The parson of Čerigaj friar Ilija Vidošević wrote to Barišić about the idea of establishing a separate Herzegovinian apostolic vicariate, an idea also supported by Ali Pasha. In 1843, Barišić returned from a trip in Albania and stayed in Čerigaj, where Vidošević helped him to establish a connection with Ali Pasha. In 1844, the Church authorities allowed the Franciscans to build a friary in Široki Brijeg, so the Herzegovinian Franciscans left their former friaries to create a new one. In 1845, Barišić wrote to the Propaganda to allow him to move to Herzegovina, stating that from there, he would also serve the Diocese of Trebinje-Mrkan and that Catholics and Muslims there "all love him and want him, including the Vizier".

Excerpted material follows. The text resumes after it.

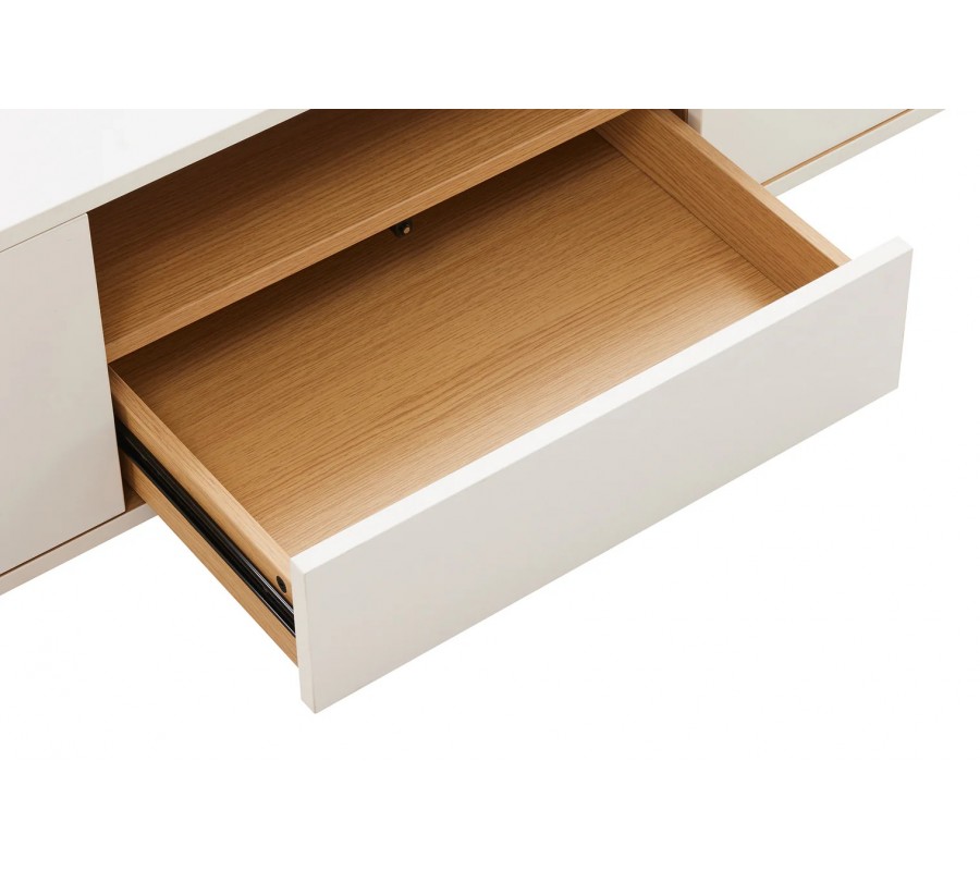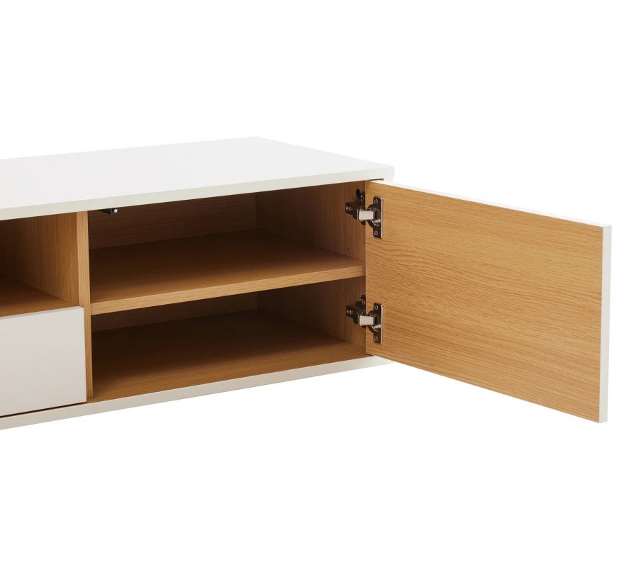 Na levé straně se nachází uzavíratelná skříňka se dvěma dvířky, jejíž vnitřek je prakticky rozdělen vertikální deskou a dvěma policemi. Tento prostor je ideální pro uložení elektroniky, dokumentů nebo domácích doplňků. Pravá část stolku nabízí skříňku s jedněmi dvířky a jednou policí, doplněnou o zásuvku a otevřenou polici nad ní, která je vhodná pro přehrávače, herní konzole či dekorační předměty. Černé vnitřek stolku vytváří elegantní kontrast s bílým exteriérem a dodává nábytku moderní, sofistikovaný akcent.

The main argument of the Herzegovinian Franciscans for establishing a special vicariate was the number of parishes and the faithful Catholics in Herzegovina. According to a report from Bishop Augustin Miletić from 1818-19, Herzegovina had eight parishes and 3,100 Catholic families, with 20,223 Catholics. Ten years later, the same bishop reported that there were 51,744 Catholics, a third of the total number of Catholics in Bosnia and Herzegovina.

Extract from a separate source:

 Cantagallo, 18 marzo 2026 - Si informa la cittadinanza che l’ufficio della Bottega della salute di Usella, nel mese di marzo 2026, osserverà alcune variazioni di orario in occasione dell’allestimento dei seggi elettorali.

On 29 October 1845, Barišić informed the Propaganda that he would renounce his office as the apostolic vicar of Bosnia. Rome and Istanbul entered the negotiations about the seat of Barišić, and both were compliant about his transfer to Herzegovina. The Church's negotiator was Anthony Petros IX Hassun. The secretary of the Propaganda wrote to Barišić on 13 March 1846, informing him about the success in the negotiations and calling him to resign from the office of the Apostolic Vicar of Bosnia "as soon as possible", which he did.

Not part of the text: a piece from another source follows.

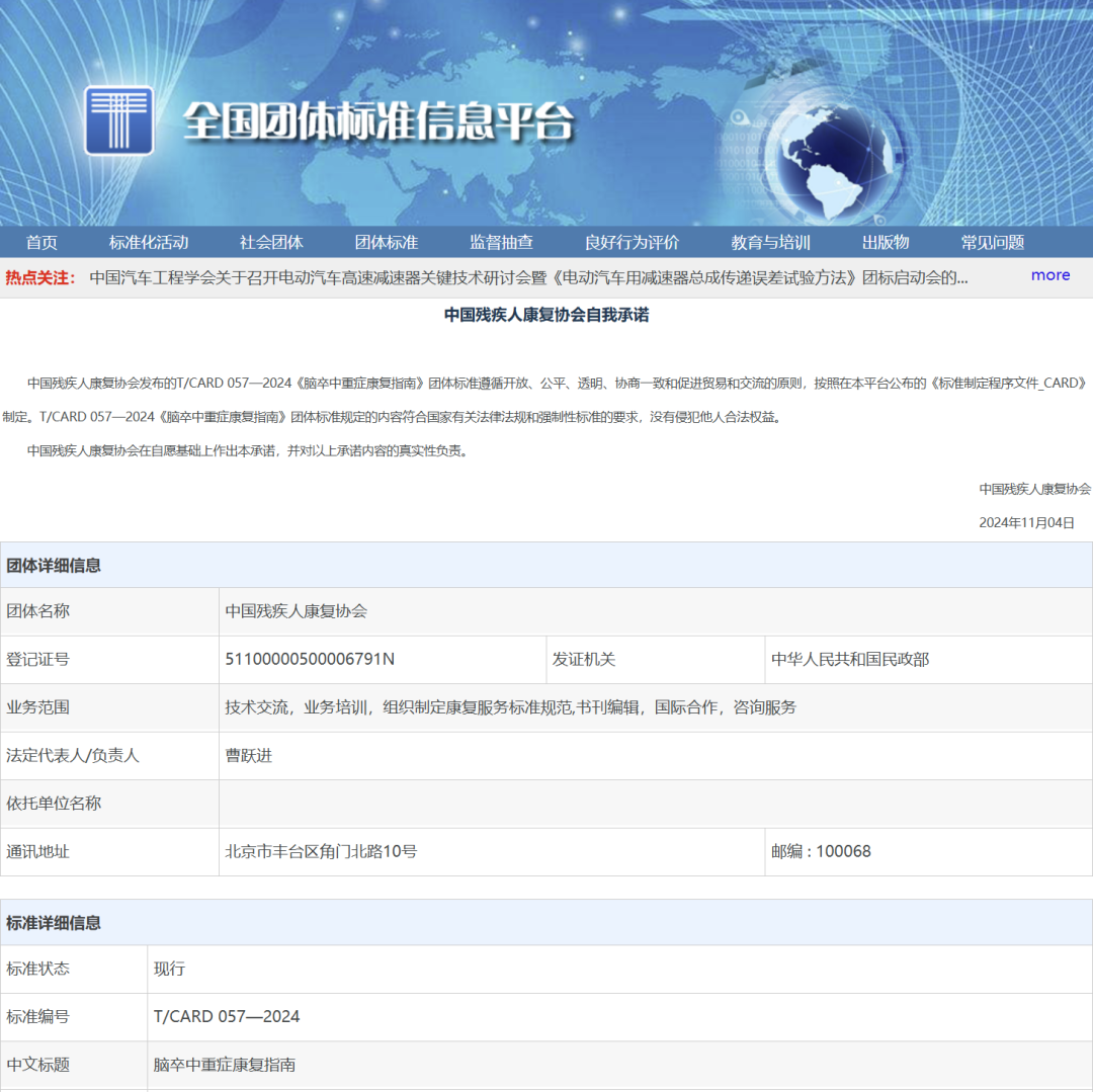 近日,由北京清华长庚医院牵头单位起草的《脑卒中重症康复指南》(T/CARD 057-2024)团体标准由中国残疾人康复协会正式发布和实施。

On 29 April 1846, the Propaganda informed Barišić that he should move to Herzegovina immediately after he receives a ferman of approval from the Sultan. The next day the Rome established an independent vicariate for Herzegovina, and named Barišić the apostolic vicar. Around that time, Barišić, at the time in Istanbul, received the ferman and two letters of approval from Ali Pasha. Barišić was granted several privileges, including the guarantee of freedom of religion. He informed the Propaganda about the approval on 26 May 1846. He left Istanbul for Trieste two days later and arrived in Herzegovina on 18 June 1846. The episcopal residence was being built in Vukodol near Mostar, while Barišić resided in Seonica near Županjac (Duvno, present-day Tomislavgrad), where he established his curia. Seonica served as his seat from 18 June 1846 until 2 June 1851. As the existing land parcel in Vukodol was too small for a residence, Ali Pasha bought privately owned land from a local Muslim and granted it to the vicariate, with strong opposition from the Muslim locals. Ali Pasha also protected the construction. The construction was completed at the beginning of 1851, and Barišić moved there on 2 June 1851. After Barišić moved to Mostar, the religious life of the local Catholics flourished. The Catholics from the neighbouring hills around Mostar returned to the city and became involved in the public, cultural, and political life of the city.

In June 1861, Barišić became seriously ill. His health deteriorated in 1862, so he moved from Mostar to the Franciscan monastery in Široki Brijeg. Nevertheless, made efforts to build a cathedral church. On 27 May 1862, with the help of Omar Pasha, Barišić was granted land in the centre of Mostar, previously a garden owned by Ali Pasha. The Governor of Mostar reluctantly gave Barišić the approval to build the church on 13 March 1863. However, Barišić never managed to lay the new church's cornerstone, as he died soon afterwards on 14 August 1863.